Cette intervention, dans laquelle ils collaborent également avec la police locale de Madrid, se développe dans l'environnement rural. Les étudiants doivent imaginer qu'ils se trouvent dans une zone brutale dans laquelle l'hélicoptère de la garde civile doit accéder avec des agents de service de montagne. Entre le bourdonnement des pelles d'hélicoptère et le vent qui se lève, qu'ils essaient de couvrir, assistent à la descente, suspendue à un câble, d'un guide avec un chien de recherche et de suivi, qui ne prend que quelques secondes pour aboyer en signe qu'il a détecté l'homme disparu. « Ce type de sauvetage est très courant dans la région de Gredos », explique Mercedes, porte-parole de la garde civile. « Ils travaillent avec le temps contre eux. Normalement, les partenaires de montagne marchent avec les blessés. Maintenant, ils sont plus légers », ajoute-t-il.
L'action provoque des applaudissements des participants, qui enregistrent l'intervention, tout en échangeant des anecdotes et des photographies sur des cas similaires sont montrés dans lesquels ils sont intervenus ou racontent la peur qu'ils ont souffert à certains moments où ils ont estimé que leur performance n'allait pas bien se terminer.

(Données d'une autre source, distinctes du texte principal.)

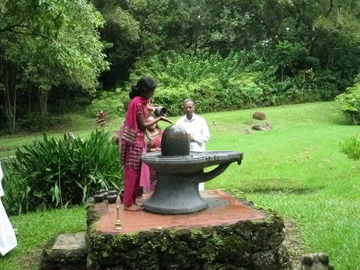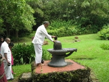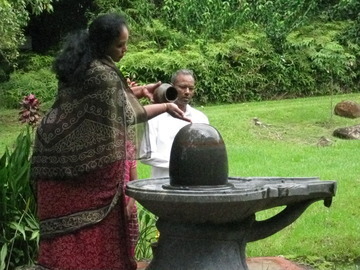 July 31, 2009The Puvanendran Family is on pilgrimage from the UK this week. Today after attending the Sun One Homa, the family toured Iraivan Temple and then worshiped at the Narmada Lingam.
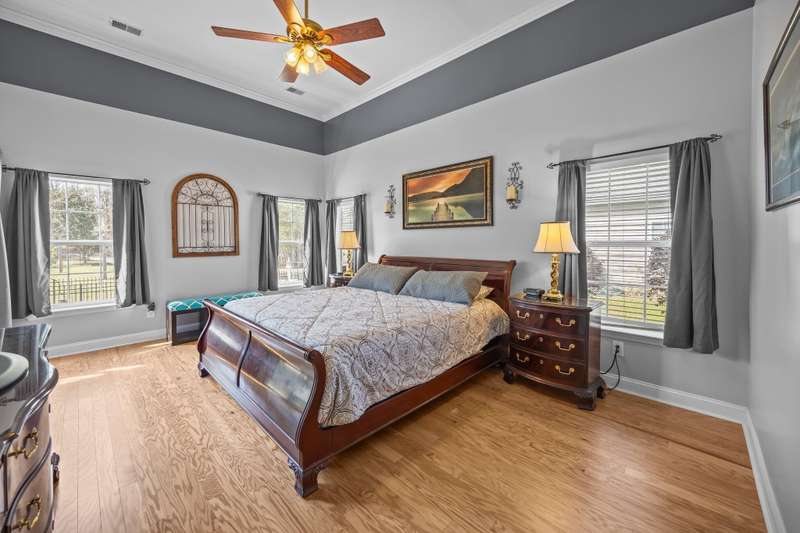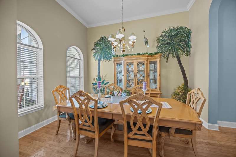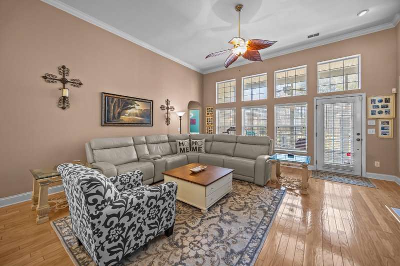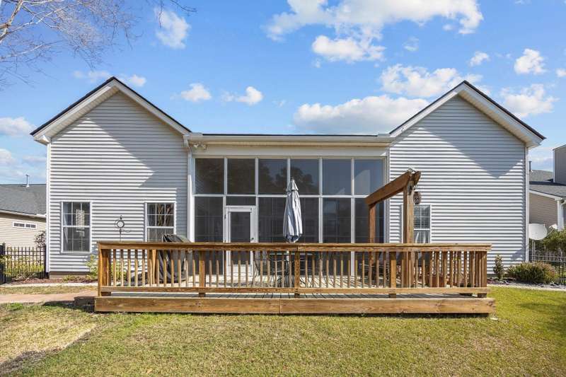 Welcome to 9394 Harroway Road, a stunning 1.5-story home featuring 4 bedrooms and 3.5 bathrooms in the highly sought-after Wescott Plantation. Built in 2002, this spacious residence offers 2,825 square feet of thoughtfully designed living space, featuring soaring 12-foot ceilings throughout the main areas, creating an open and airy atmosphere. Recent upgrades include beautiful engineered hardwood floors in all the bedrooms (installed in 2024), a new roof (installed in 2023), a new vinyl enclosure of the sunroom (installed in 2021), and a new HVAC system (installed in 2019), ensuring both comfort and modern appeal. Upon entering, you'll be greeted by a grand foyer that flows into a bright, open-concept living area, perfect for both entertaining and daily living.To the right of the foyer, you'll find a private office, offering an ideal space for work or study. The well-appointed kitchen boasts Quartz countertops, ample cabinetry, and a cozy breakfast nook. Adjacent to the kitchen, the formal dining room provides an ideal space for family gatherings and special occasions. The primary suite serves as a peaceful retreat, featuring a spacious bedroom, a walk-in closet, and an en-suite bath with dual vanities, a soaking tub, and a separate shower. Three additional bedrooms offer generous space and flexibility to suit a variety of needs, each featuring the newly added engineered hardwood floors. Set on a 0.22-acre lot, the property includes a large patio, irrigation system, and a fully fenced backyard, offering a tranquil outdoor space for relaxation and recreation. Residents of Wescott Plantation enjoy a wealth of community amenities, including a golf course, swimming pool, clubhouse, playground, and pickleball courts. Conveniently located near major highways, shopping, dining, and top-rated schools, this home combines comfort, style, and accessibility. Don't miss your chance to make 9394 Harroway Road your new home. Schedule a showing today!

En plus des agents à l'échelle de base, des sous-inspecteurs et d'autres qui sont liés aux disparitions, les responsables de la police régionale tels que les mossos, la police pour Foral ou Ertzaintza sont venus ces jours-ci. « Il est intéressant de partager de nouvelles techniques, de connaître les capacités de chaque corps », explique Pablo, premier agent de la police pour Navarra Foral. « Dans la commande Zamora, par exemple, ils ont intériorisé dans le cadre du protocole le besoin de vitesse dans les premières heures et est une très bonne idée à exporter », souligne Pablo. Pere Sanchez, chef de l'unité centrale des personnes disparues de la Division des enquêtes criminelles des Mossos, met en évidence la vision mondiale des disparitions offertes par ces exercices et le «travail intensif».
Cela leur permet également d'établir des relations et de se connaître. « Les gens pensent que (les corps de police) sont en colère parmi nous. Il n'y a rien de plus que les personnes disparues », explique Hugo Carlos Prieto, commissaire en chef des sections centrales d'enquête criminelle et de police judiciaire de l'Ertzaintza. « En cela, nous parlons tous la même langue », ajoute-t-il.
« Lorsque vous le mettez à la première personne, cela change la perspective. Vous devez imaginer que ce nœud dans l'estomac qu'un père peut ressentir quand il est dans le parc avec son fils et perdre de vue un instant, et qu'il disparaît quand il se rend compte qu'il est à quelques mètres.